(Data for review):
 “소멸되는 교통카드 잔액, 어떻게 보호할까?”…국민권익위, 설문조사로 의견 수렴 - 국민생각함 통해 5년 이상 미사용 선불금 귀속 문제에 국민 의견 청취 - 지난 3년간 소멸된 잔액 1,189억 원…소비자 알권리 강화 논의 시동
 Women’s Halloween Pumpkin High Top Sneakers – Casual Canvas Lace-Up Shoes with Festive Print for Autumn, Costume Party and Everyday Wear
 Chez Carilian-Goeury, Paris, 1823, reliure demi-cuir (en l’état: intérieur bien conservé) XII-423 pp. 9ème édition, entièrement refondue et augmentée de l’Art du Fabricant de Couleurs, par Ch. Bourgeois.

* * *

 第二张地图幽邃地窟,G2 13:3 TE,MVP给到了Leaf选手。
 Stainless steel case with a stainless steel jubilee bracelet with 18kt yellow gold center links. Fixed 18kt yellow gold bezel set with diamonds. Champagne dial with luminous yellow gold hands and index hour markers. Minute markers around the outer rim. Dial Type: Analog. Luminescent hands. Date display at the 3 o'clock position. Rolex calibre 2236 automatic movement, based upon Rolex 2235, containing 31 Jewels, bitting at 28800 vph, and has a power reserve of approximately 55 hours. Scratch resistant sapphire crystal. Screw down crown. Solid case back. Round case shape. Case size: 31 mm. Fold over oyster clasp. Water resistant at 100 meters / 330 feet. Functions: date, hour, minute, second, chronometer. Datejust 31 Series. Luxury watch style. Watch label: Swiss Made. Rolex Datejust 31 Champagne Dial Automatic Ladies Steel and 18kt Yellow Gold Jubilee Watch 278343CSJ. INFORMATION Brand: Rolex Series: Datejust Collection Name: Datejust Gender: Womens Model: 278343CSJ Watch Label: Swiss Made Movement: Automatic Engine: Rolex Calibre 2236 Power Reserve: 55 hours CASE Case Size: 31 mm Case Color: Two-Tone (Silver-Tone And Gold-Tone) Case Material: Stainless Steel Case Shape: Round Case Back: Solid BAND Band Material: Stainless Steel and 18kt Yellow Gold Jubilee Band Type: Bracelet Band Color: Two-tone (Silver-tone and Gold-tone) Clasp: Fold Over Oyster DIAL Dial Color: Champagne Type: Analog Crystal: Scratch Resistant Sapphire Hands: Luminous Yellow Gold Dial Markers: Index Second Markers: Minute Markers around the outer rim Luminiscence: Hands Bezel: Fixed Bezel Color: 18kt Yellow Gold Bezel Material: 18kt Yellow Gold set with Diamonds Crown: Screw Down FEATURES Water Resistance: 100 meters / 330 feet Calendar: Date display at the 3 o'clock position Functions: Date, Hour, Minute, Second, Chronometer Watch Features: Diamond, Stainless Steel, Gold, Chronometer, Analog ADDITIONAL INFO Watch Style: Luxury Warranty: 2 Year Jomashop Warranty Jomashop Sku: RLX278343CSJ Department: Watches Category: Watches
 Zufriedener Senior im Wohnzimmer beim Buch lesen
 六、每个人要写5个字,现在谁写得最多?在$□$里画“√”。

==

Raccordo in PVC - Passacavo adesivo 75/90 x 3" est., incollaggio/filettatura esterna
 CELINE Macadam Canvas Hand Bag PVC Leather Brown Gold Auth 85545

(About this task): Where does "Canvas" appear in the listing? Show every line that has it.

(Written answer):
 Women’s Halloween Pumpkin High Top Sneakers – Casual Canvas Lace-Up Shoes with Festive Print for Autumn, Costume Party and Everyday Wear
 CELINE Macadam Canvas Hand Bag PVC Leather Brown Gold Auth 85545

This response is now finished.